- Occupations: Screenwriter, author, television writer, producer
- Writing career
- Language: English
- Genres: Film, television, magazines
- Notable work: Yesterday

= Jack Barth =

American screenwriter and author (born 1956)

Jack Barth is an Anglo-American writer. He has written for film, television, books and magazines, and is also a television producer. He is best known for creating the story that was the basis for the 2019 film Yesterday and his claim that Richard Curtis falsely took credit for key elements of Barth's original screenplay, "Cover Version." Prior to Yesterday, Barth had written 25 unproduced screenplays over 40 years. At age 62, he might also have been the oldest person ever to see a first feature screenplay produced, with the previous oldest first-time screenwriter believed to have been Raymond Chandler, at age 56.

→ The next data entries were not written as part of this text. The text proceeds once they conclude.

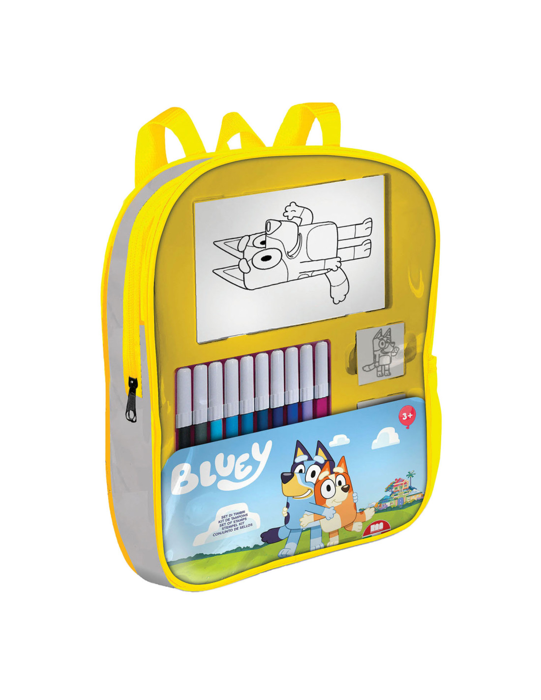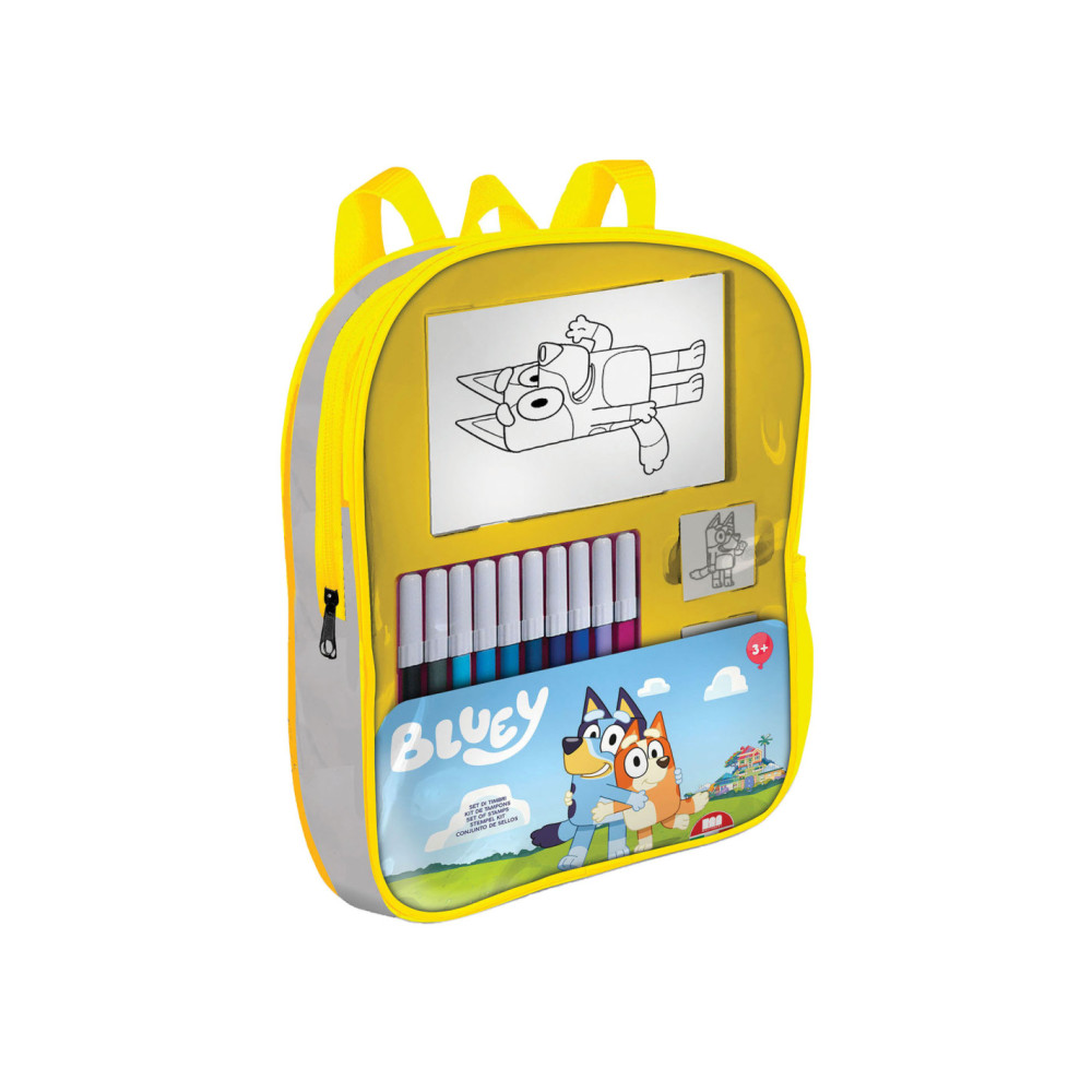 Maak je klaar voor een reis vol kleur en plezier met Bluey’s Stempelkit Rugzak! Deze set is gemaakt van de beste materialen en bevat 10 gekleurde stiften, 4 stempels, 1 activiteitenboek, 1 inktpad en 30 stickers.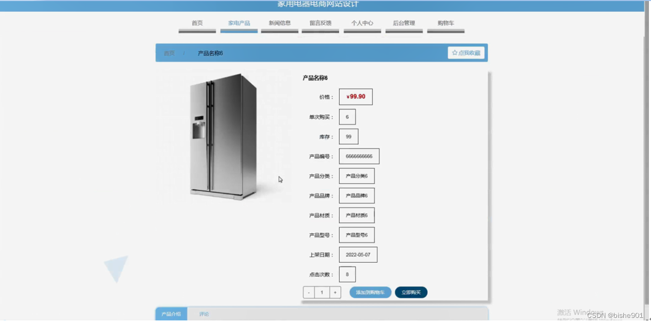 家电产品,在家电产品页面可以查看产品名称、价格、图片、单次购买、库存、产品编号、产品分类、产品品牌、产品材质、产品型号、上架日期、点击次数、产品介绍等内容,并进行添加到购物车,立即购买,评论或收藏操作,如图5-3所示。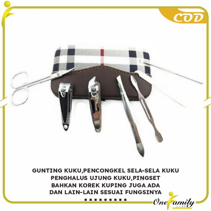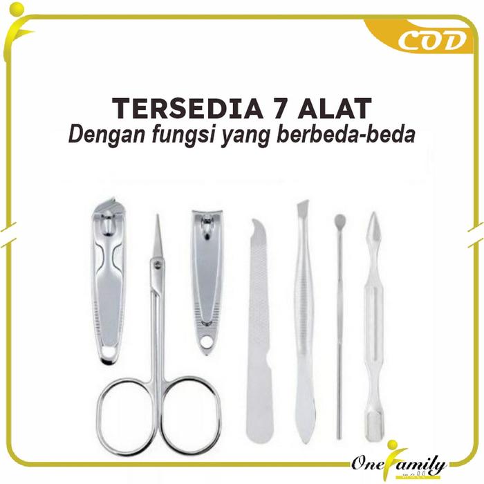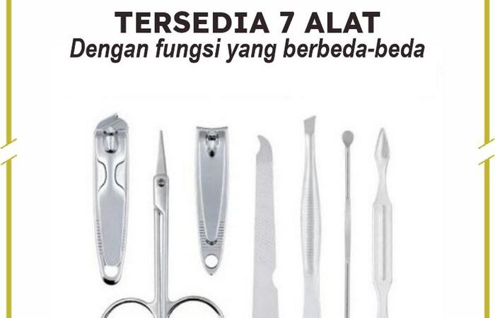 | Isi Lengkap 7 Alat | Gunting kuku, kutek penjepit, penjepit alis/bulu, penusuk kutikula, pendorong kutikula, pembersih kotoran kuku, dan pengorek telinga. Semua terbuat dari Stainless Steel anti-karat dan tahan lama. |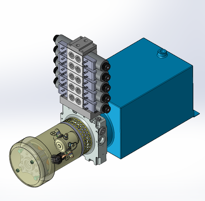THIS HYDRAULIC POWER UNIT OPERATES WITH A 1500 W FAN ASSISTED MOTOR AT 12 V DC. DESIGNED FOR 250 BAR AND 4.0 L/MIN. INCLUDES 10 L HORIZONTAL TANK AND PMC 30 VALVE INTERFACE. 5 VALVES. BRAND: PRIMEHYD.

A former editor of the Stanford Chaparral, Barth also wrote The Simpsons episode "A Fish Called Selma". He wrote and produced several series for British television that were presented by Jonathan Ross, including Americana, Japanorama and Asian Invasion. His books include
Roadside America (co-written with Doug Kirby, Ken Smith and Mike Wilkins), American Quest, Roadside Hollywood, Roadside Elvis and Sold Short, a look at fraud in the American stock markets as seen through the eyes of the notorious short-seller Manuel P. Asensio.